──────── Exercise materials
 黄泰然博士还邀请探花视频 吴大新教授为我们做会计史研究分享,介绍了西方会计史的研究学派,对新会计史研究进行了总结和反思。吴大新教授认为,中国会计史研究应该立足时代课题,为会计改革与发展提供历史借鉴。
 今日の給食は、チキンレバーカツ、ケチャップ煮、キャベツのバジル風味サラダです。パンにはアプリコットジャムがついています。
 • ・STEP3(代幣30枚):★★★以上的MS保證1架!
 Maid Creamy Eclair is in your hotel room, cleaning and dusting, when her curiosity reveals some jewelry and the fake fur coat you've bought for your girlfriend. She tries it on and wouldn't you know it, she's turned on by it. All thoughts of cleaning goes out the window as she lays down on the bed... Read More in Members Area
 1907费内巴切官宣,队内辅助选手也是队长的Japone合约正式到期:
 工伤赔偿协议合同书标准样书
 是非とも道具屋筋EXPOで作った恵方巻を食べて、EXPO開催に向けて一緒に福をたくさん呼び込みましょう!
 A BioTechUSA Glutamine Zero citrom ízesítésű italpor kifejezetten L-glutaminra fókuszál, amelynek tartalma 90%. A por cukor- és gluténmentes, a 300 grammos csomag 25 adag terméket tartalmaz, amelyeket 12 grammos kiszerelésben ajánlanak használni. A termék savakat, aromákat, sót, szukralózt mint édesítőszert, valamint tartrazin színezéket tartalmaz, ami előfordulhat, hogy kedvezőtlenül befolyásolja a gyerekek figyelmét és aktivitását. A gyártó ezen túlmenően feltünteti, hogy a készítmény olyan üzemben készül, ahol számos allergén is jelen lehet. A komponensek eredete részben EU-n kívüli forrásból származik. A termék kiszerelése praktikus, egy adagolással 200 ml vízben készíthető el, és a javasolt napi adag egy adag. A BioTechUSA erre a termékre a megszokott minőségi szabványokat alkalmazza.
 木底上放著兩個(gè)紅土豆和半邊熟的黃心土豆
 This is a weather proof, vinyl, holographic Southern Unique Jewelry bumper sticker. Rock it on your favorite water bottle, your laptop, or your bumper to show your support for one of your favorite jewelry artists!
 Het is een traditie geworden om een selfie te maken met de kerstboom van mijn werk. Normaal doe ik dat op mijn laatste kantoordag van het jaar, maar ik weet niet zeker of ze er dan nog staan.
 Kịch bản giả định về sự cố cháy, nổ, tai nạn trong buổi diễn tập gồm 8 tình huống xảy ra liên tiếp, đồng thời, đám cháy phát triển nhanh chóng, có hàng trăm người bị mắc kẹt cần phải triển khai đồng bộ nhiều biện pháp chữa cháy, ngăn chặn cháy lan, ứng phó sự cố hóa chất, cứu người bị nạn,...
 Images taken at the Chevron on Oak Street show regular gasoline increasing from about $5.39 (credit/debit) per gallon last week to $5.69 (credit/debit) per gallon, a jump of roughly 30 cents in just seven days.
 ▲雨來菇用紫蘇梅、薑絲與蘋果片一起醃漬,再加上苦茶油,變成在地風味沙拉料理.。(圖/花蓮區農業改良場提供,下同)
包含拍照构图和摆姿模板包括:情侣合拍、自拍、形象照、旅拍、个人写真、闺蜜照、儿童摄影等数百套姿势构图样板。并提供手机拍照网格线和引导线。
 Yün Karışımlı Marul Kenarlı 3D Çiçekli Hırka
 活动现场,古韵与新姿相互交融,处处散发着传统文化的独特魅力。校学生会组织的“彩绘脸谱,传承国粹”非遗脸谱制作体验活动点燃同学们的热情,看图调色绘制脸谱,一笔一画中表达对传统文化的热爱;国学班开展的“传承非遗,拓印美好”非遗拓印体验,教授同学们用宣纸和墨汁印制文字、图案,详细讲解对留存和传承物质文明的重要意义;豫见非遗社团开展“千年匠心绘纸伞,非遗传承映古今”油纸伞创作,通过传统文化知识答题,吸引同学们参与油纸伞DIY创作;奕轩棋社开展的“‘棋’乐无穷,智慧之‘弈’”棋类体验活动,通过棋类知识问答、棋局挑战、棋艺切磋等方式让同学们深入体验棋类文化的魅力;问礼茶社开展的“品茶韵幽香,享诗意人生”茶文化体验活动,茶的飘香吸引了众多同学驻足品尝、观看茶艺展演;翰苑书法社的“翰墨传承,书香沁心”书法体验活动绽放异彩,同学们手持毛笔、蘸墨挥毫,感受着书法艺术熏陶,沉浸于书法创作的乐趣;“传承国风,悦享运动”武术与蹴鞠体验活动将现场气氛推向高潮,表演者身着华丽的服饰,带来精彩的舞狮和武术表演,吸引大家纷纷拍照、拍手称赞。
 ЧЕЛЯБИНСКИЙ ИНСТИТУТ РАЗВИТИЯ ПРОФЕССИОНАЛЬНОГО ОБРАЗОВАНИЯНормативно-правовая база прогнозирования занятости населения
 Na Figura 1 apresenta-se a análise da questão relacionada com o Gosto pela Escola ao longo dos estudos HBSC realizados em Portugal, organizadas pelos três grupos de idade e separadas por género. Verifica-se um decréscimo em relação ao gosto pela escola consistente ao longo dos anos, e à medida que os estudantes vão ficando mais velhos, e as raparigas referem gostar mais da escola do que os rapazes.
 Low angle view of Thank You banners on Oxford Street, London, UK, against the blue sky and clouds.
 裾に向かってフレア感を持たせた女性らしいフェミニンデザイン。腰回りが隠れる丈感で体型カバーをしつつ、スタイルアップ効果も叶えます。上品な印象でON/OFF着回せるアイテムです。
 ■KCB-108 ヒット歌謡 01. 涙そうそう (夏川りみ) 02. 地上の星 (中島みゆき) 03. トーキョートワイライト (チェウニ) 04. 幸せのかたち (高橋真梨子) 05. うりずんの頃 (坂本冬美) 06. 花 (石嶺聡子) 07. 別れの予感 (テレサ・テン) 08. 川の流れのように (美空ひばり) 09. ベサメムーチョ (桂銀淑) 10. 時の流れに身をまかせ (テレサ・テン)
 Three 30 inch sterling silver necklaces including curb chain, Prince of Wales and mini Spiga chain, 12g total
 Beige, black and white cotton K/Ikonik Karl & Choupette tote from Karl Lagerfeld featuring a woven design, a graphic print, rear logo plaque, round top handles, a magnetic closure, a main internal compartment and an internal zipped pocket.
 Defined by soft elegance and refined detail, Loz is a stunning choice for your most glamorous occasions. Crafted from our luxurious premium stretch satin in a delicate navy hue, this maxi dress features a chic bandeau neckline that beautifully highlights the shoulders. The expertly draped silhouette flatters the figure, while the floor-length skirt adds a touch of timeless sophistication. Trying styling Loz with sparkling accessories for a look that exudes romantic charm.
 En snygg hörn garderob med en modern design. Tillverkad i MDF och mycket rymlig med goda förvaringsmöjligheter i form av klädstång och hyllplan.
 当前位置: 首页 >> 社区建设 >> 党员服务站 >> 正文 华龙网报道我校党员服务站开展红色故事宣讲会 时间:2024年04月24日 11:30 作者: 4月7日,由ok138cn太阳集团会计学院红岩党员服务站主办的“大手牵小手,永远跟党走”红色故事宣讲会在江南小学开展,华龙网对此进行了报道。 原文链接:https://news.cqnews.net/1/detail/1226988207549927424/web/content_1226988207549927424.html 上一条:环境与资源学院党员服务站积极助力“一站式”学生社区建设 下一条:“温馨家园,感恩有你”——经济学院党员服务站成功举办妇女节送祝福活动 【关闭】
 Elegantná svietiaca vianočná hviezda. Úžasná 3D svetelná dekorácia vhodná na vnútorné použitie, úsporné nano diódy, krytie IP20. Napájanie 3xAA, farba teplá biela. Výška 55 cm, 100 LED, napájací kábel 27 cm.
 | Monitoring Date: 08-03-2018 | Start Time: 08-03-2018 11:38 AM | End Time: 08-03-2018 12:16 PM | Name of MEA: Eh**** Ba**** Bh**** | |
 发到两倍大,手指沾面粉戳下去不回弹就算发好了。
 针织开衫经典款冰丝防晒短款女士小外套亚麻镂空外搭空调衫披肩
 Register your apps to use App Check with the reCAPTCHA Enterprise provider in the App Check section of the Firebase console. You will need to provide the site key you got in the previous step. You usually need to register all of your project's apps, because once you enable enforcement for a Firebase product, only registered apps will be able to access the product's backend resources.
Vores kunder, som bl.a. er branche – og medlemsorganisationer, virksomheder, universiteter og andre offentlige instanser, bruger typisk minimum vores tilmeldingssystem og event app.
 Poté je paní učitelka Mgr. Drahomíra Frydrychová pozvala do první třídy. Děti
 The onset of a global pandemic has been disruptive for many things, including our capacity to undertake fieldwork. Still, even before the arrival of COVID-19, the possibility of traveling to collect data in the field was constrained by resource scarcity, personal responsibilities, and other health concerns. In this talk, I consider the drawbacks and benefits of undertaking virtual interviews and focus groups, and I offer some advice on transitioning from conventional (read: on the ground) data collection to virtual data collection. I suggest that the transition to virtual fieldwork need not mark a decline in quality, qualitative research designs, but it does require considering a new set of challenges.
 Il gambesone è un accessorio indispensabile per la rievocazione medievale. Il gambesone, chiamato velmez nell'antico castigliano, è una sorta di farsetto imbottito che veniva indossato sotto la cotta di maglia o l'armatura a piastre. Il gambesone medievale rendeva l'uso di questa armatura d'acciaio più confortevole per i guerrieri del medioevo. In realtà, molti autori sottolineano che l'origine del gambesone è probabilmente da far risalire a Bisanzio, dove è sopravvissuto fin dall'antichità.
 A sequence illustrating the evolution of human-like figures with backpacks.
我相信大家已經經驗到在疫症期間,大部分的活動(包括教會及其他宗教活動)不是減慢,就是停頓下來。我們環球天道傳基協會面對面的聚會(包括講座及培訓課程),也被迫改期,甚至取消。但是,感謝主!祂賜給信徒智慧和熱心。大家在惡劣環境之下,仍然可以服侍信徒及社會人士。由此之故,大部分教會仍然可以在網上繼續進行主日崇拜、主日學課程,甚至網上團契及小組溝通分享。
────────────────
## About this task
In the entries above, find the line holding "是非とも道具屋筋EXPOで作" and the line holding "Yün Karışımlı Marul Kenarlı 3D Çiçekli Hırka"; print both of them and every line between, exactly, and nothing else.

## Written reply
 是非とも道具屋筋EXPOで作った恵方巻を食べて、EXPO開催に向けて一緒に福をたくさん呼び込みましょう!
 A BioTechUSA Glutamine Zero citrom ízesítésű italpor kifejezetten L-glutaminra fókuszál, amelynek tartalma 90%. A por cukor- és gluténmentes, a 300 grammos csomag 25 adag terméket tartalmaz, amelyeket 12 grammos kiszerelésben ajánlanak használni. A termék savakat, aromákat, sót, szukralózt mint édesítőszert, valamint tartrazin színezéket tartalmaz, ami előfordulhat, hogy kedvezőtlenül befolyásolja a gyerekek figyelmét és aktivitását. A gyártó ezen túlmenően feltünteti, hogy a készítmény olyan üzemben készül, ahol számos allergén is jelen lehet. A komponensek eredete részben EU-n kívüli forrásból származik. A termék kiszerelése praktikus, egy adagolással 200 ml vízben készíthető el, és a javasolt napi adag egy adag. A BioTechUSA erre a termékre a megszokott minőségi szabványokat alkalmazza.
 木底上放著兩個(gè)紅土豆和半邊熟的黃心土豆
 This is a weather proof, vinyl, holographic Southern Unique Jewelry bumper sticker. Rock it on your favorite water bottle, your laptop, or your bumper to show your support for one of your favorite jewelry artists!
 Het is een traditie geworden om een selfie te maken met de kerstboom van mijn werk. Normaal doe ik dat op mijn laatste kantoordag van het jaar, maar ik weet niet zeker of ze er dan nog staan.
 Kịch bản giả định về sự cố cháy, nổ, tai nạn trong buổi diễn tập gồm 8 tình huống xảy ra liên tiếp, đồng thời, đám cháy phát triển nhanh chóng, có hàng trăm người bị mắc kẹt cần phải triển khai đồng bộ nhiều biện pháp chữa cháy, ngăn chặn cháy lan, ứng phó sự cố hóa chất, cứu người bị nạn,...
 Images taken at the Chevron on Oak Street show regular gasoline increasing from about $5.39 (credit/debit) per gallon last week to $5.69 (credit/debit) per gallon, a jump of roughly 30 cents in just seven days.
 ▲雨來菇用紫蘇梅、薑絲與蘋果片一起醃漬,再加上苦茶油,變成在地風味沙拉料理.。(圖/花蓮區農業改良場提供,下同)
包含拍照构图和摆姿模板包括:情侣合拍、自拍、形象照、旅拍、个人写真、闺蜜照、儿童摄影等数百套姿势构图样板。并提供手机拍照网格线和引导线。
 Yün Karışımlı Marul Kenarlı 3D Çiçekli Hırka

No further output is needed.